I wear the insulated alphaburly boots and absolutely love them!!


----------



## FarmGirl7 (Aug 3, 2007)

thedogmother said:


> Hey Farmgirl
> 
> Do you have a pair of Danner's? If so, what size did you buy. Sounds like we have the same size foot. I don't know if I should get a 6 or 6.5.


I will look when I get home and let you know. If you are getting the 1000 gram thinsulate ones go bigger. I know that I had to get a bigger size with the added insulation. I also have fat feet, think duck like! But I can't swim worth a darn! I'll get back with you.


----------



## RAZORBACK_GIRL (Jul 6, 2005)

Muck boots are my favorites. I have their warm and cold weather boots. I can't imagine wearing anything else


----------



## MommaTurbo (Sep 27, 2009)

I need some good hunting boots too. All i have right now is a pair of waterproof Columbia hiking boots. They work pretty good, and keep me warm with good socks, but i want taller ones. I'd love to have some Danner's but there is NO WAY i'm getting Danners before hubby does! LOL!


----------



## Freesemomma (Jul 7, 2008)

So I looked long and hard for my boots, being I am a baby- Must be comfortable and warm! Also a cheap-skate 
I tried the lady hawks, and the few minutes in the store & they were not comfortable enough- IMO. 
I ended up going with Georgia's... I LOVE them!! They are the Sport & Trail with thinsulate 600, they are waterproof, and I only paid about $80 bucks. I have hiked miles in them, and love them, never an ache in my feet since day 1. They don't really even have a 'break in' time. I also have basically the same pair, just with no thinsulate for the summers, and on my hunt last weekend, the feet were great.
Oh, ya.. I got them at Sportsmans.
Good luck on your search.


----------



## thedogmother (Jan 8, 2004)

Hi all

Thanks all for your imput. I ordered the Danners and according to the tracking # they should arrive today. Lets hope I ordered the correct size. I hate not being able to try them on. I leave on my Idaho hunt next Thursday so if they do not fit I will have to order another pair and pay for next day shipping then return the ones that don't fit.


----------



## MommaTurbo (Sep 27, 2009)

Where in ID are you hunting?



thedogmother said:


> Hi all
> 
> Thanks all for your imput. I ordered the Danners and according to the tracking # they should arrive today. Lets hope I ordered the correct size. I hate not being able to try them on. I leave on my Idaho hunt next Thursday so if they do not fit I will have to order another pair and pay for next day shipping then return the ones that don't fit.
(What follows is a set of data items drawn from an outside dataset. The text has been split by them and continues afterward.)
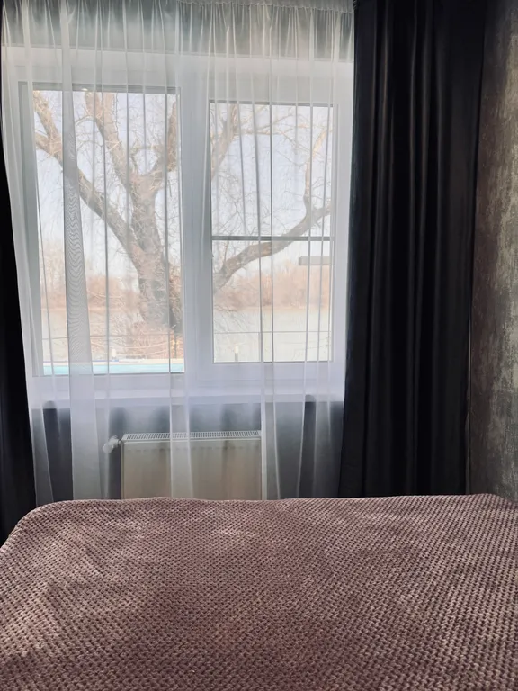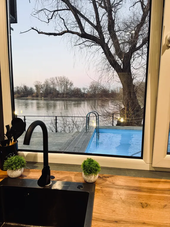 В доме панорамное остекление, красивый вид на бассейн и реку Кубань.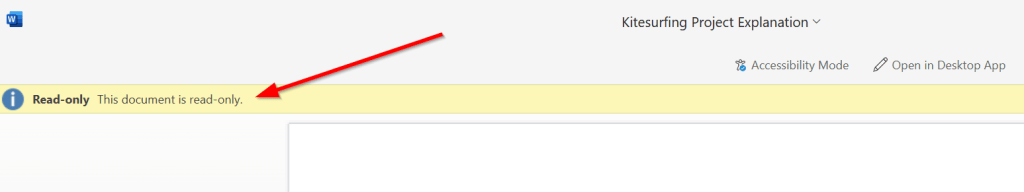 As expected, this fails. The yellow ribbon tells us the document is read-only.
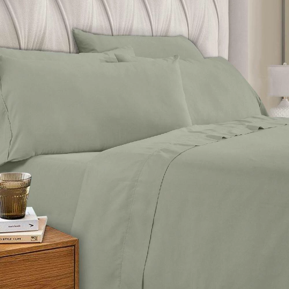 Ultra soft and supremely comfortable, this 6-piece full size sheet and pillowcase set in sage green from our best selling Minka collection is finished with an antimicrobial treatment to ensure a hygienic and comfortable sleep. Featuring extremely fine threads and brushed yarn for a soft fabric texture. This microfiber fabric set is cozy, wrinkle free, and durable.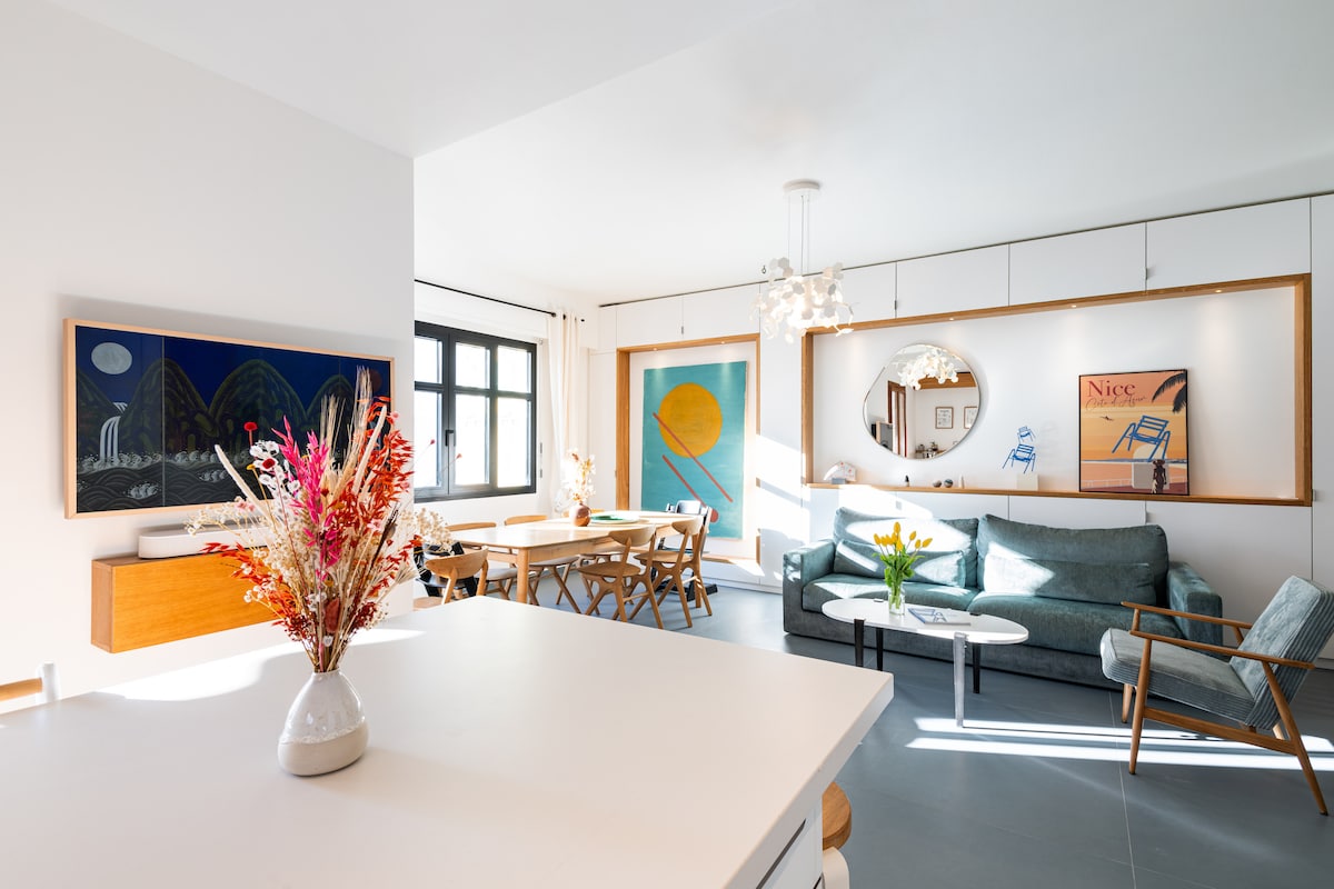 Terletak di lantai atas tanpa lift, apartemen ini menawarkan pemandangan menakjubkan menara gereja yang megah di Kota Tua dan perairan laut yang biru di bagian belakang, memungkinkan tamu untuk menikmati keindahan Nice. Di sini, Anda hanya berjarak 5 menit berjalan kaki dari pantai, memungkinkan Anda menikmati pantai Nice yang bermandikan sinar matahari dan Promenade des Anglais. Jelajahi jalan - jalan mempesona di Old Nice, temukan pemandangan kulinernya yang kaya, dan jatuh cinta dengan pesonanya yang unik dan romantis.

And i stand corrected. I CAN go get Danners because hubby DOES have some already! Apparently i missed the part where he spent $200 bucks on boots! lol!


----------



## absolutecool (Mar 26, 2006)

MommaTurbo said:


> Where in ID are you hunting?
> 
> 
> 
> And i stand corrected. I CAN go get Danners because hubby DOES have some already! Apparently i missed the part where he spent $200 bucks on boots! lol!


There ya go!!! As I was prowling last night I found a pair of boots the hubby has gotten hisself that I didnt' know about. So now I don't feel so bad about the new bow I am fixing to get!!


----------



## Guest (Sep 30, 2009)

I am wearing the Lacrosse and I was surprised how comfortable they were. They kept my feet dry and warm in 7 degree weather last year!


----------



## absolutecool (Mar 26, 2006)

My lacrosse were great until the felt lining that is behind my heal wore through on both boots and left a ginormous blister on both feet. Those boots are retired!!


----------



## thedogmother (Jan 8, 2004)

> Where in ID are you hunting?


We are hunting near Salmon, ID


----------



## MommaTurbo (Sep 27, 2009)

thedogmother said:


> We are hunting near Salmon, ID


Just up the road from me! I'm about an hour south of Pocatello. Is there an archery hunt open up there still?


----------



## thedogmother (Jan 8, 2004)

Got my boots yesterday and wore them around the house. So far I love them and they seem real comfortable. Will let you know how they hold up on my trip.




> Just up the road from me! I'm about an hour south of Pocatello. Is there an archery hunt open up there still?


No I have a general tag but will use archery equipment. I am a bit of a bow snob and determined to get one with my bow. I will probably pull the (borrowed) rifle out on the last day so I don't waste my money that I spent on the tag but my goal is with a bow. All my big game animals so far have all been killed with a bow and I hope when I come back from this trip that is still true.


----------



## BIG ARCHERY NUT (Oct 24, 2003)

ksbabe said:


> I am wearing the Lacrosse and I was surprised how comfortable they were. They kept my feet dry and warm in 7 degree weather last year!


What style do you have. I'm trying to find my daughter some good warm boots. Up here in Wisconsin the temps can get anywhere from the teens to single digits in Nov. She needs more then the youth boots sold at stores.


----------



## SconiGirl (Sep 29, 2008)

I'm from WI. Just bought the new muck boots for women at Cabellas in Rogers, MN a couple weeks ago. So far, they are very comfortable and warm. We'll have to wait and see how the do in the colder weather we have here.

Danner Pronghorns are great too. They make them in women's sizes now.

Alpha Burley's didn't fit quite right to my foot. They seemed to slip on the heel.


----------



## BIG ARCHERY NUT (Oct 24, 2003)

SconiGirl said:


> I'm from WI. Just bought the new muck boots for women at Cabellas in Rogers, MN a couple weeks ago. So far, they are very comfortable and warm. We'll have to wait and see how the do in the colder weather we have here.
> 
> Danner Pronghorns are great too. They make them in women's sizes now.
> 
> Alpha Burley's didn't fit quite right to my foot. They seemed to slip on the heel.


Thanks much. My daughter loves to hunt the rut but the cold weather gets her. May have to check out the Muck Boots. I know years back when I spent over $150 for boots I knew they would last for a while. They have been nice so I guess she is worth the money. Will be nice to know her tootsies will be toasty.


----------